Some a isso um efeito anti-inflamatório consistente e fica claro por que ele é opção de primeira linha tanto na acne quanto na rosácea. Ao contrário dos retinoides, costuma ser considerado compatível com a gestação — a palavra final é sempre do médico, mas isso derruba uma objeção importante na hora de construir linhas para pele sensível ou público gestante.
Um cuidado de linguagem essencial no Brasil: em rótulo cosmético falamos em acalmar, hidratar, recuperar o conforto e apoiar a barreira. Nunca em cicatrizar.
A concentração é o assunto inteiro
Esse é o ponto mais mal compreendido por marcas iniciantes. No Brasil, as concentrações de 15 % e 20 % são avaliadas pela ANVISA como medicamento, com registro próprio e venda sob prescrição. Um cosmético que comunica finalidade terapêutica é, na prática, um produto irregular — por mais bonito que seja o rótulo.
Para o caminho cosmético, o marco é a RDC 752/2022:
- classificação correta entre Grau 1 e Grau 2 (um sérum antiacne com alegação de ação sobre a oleosidade e as manchas tende a cair em Grau 2);
- notificação ou registro na ANVISA antes da comercialização — não existe "vender enquanto o processo tramita";
- comprovação de segurança e eficácia arquivada e disponível para fiscalização;
- rotulagem em português conforme as regras brasileiras e o marco harmonizado do Mercosul;
- fabricante ou importador com AFE válida.
Atenção especial ao limite com produto para saúde.
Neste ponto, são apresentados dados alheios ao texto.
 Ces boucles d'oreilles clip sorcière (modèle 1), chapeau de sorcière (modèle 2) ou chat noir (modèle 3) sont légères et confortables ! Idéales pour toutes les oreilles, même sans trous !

Alegações como "pós-procedimento", "pós-laser" ou "auxilia na cicatrização" tiram o produto da categoria cosmética e o levam para o enquadramento de dispositivo médico na ANVISA, com cadastro ou registro específico e exigências muito mais pesadas. Se o posicionamento é cuidado após procedimento estético, reescreva a comunicação: acalmar, hidratar, recuperar, fortalecer a barreira.
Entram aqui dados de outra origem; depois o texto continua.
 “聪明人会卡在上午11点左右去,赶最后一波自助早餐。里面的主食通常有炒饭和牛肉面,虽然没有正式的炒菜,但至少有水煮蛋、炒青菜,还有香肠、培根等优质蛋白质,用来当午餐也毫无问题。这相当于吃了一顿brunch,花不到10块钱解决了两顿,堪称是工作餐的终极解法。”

Marcas como Natura, O Boticário, Eudora e Quem Disse Berenice construíram autoridade justamente por não cruzarem essa linha. E vale lembrar: para entrar na Sephora BR ou escalar no Mercado Livre, na Shopee BR e na Amazon BR, o número de notificação ANVISA é conferido antes de qualquer conversa sobre mídia ou margem.
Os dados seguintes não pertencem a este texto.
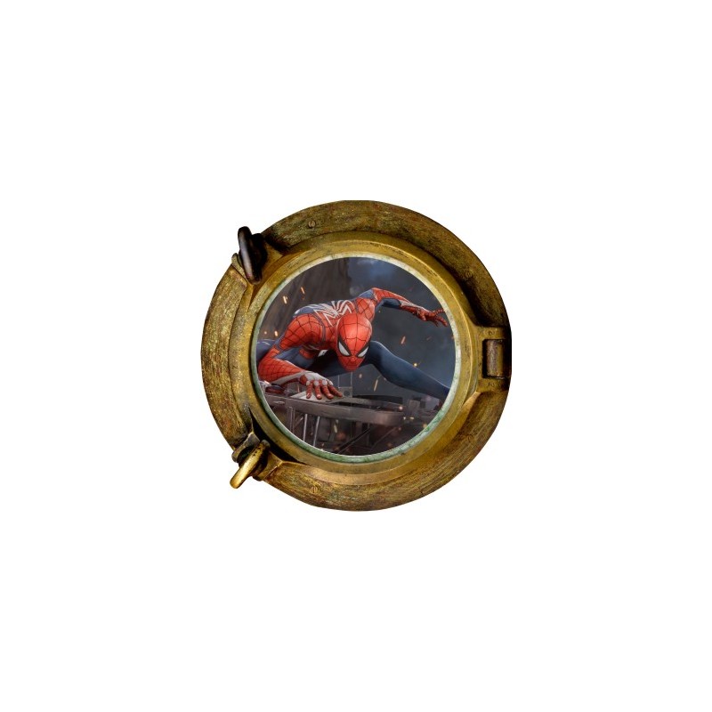 Sticker de décoration murale en trompe l'oeil de hublot bronze Spiderman. La déco idéale pour vos enfants. Sur un mur ou sur un meuble de votre petit garçon, cet autocollant trompe l'oeil hublot bronze Spiderman sera la touche parfaite pour une décoration réussie.
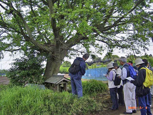 | 道祖神の側に植えられたエノキは、四方に広げた枝振りを見上げ、その下で休んだ旅人の姿を思い浮かべる。ヤブカラシの語源に、うちの庭にも生えてきて困っていると話す人。やさしい色のジュウニヒトエに出会ったり、ハンショウズルを見つけた班もある。鈴身川沿いの水田は田植えが終わり、そののどかな里山の風景にうっとり。 |

O problema de formulação que ninguém avisa
O ácido azelaico tem baixa solubilidade em água e forte tendência a recristalizar. É por isso que tantos produtos a 10 % ficam com sensação arenosa ou formam bolinhas sob o protetor solar — um defeito fatal em um país de clima quente e úmido, onde textura leve não é preferência, é requisito.
O briefing para a fábrica precisa resolver quatro pontos:
- Sistema de veiculação — suspensão, encapsulação lipossomal ou derivado solubilizado. O azeloil diglicinato de potássio é mais suave, mas não equivale a 10 % de ácido azelaico livre.
- Faixa de pH — entre 4,5 e 5,5, para conciliar estabilidade do ativo e respeito ao manto ácido.
- Textura — deslizamento à base de silicones ou ésteres para eliminar a granulosidade.
- Testes de estabilidade — 3 meses em condição acelerada a 40 °C, mais ciclo de congelamento/descongelamento e teste de compatibilidade com a embalagem.
Regras de combinação
Como briefar seu fabricante
Peça ao seu fabricante cosmético privado cinco informações objetivas: o sistema de veiculação adotado, o percentual real de ácido livre (e não o percentual da matéria-prima comercial), os dados de estabilidade, uma avaliação sensorial da granulosidade em uso real e o dossiê de segurança.
Uma alegação de "10 %" sustentada por 2 % de ácido livre em um derivado é legalmente defensável, mas enganosa. A comunidade brasileira de skincare no TikTok e no Instagram lê INCI linha a linha — a diferença aparece em menos de um mês de reviews.
Faixa realista para sourcing de fábrica de beleza na China: MOQ de 1.000 a 3.000 unidades, amostragem em 7 a 15 dias, produção em 30 a 45 dias, mais o prazo de notificação junto à ANVISA antes do lançamento.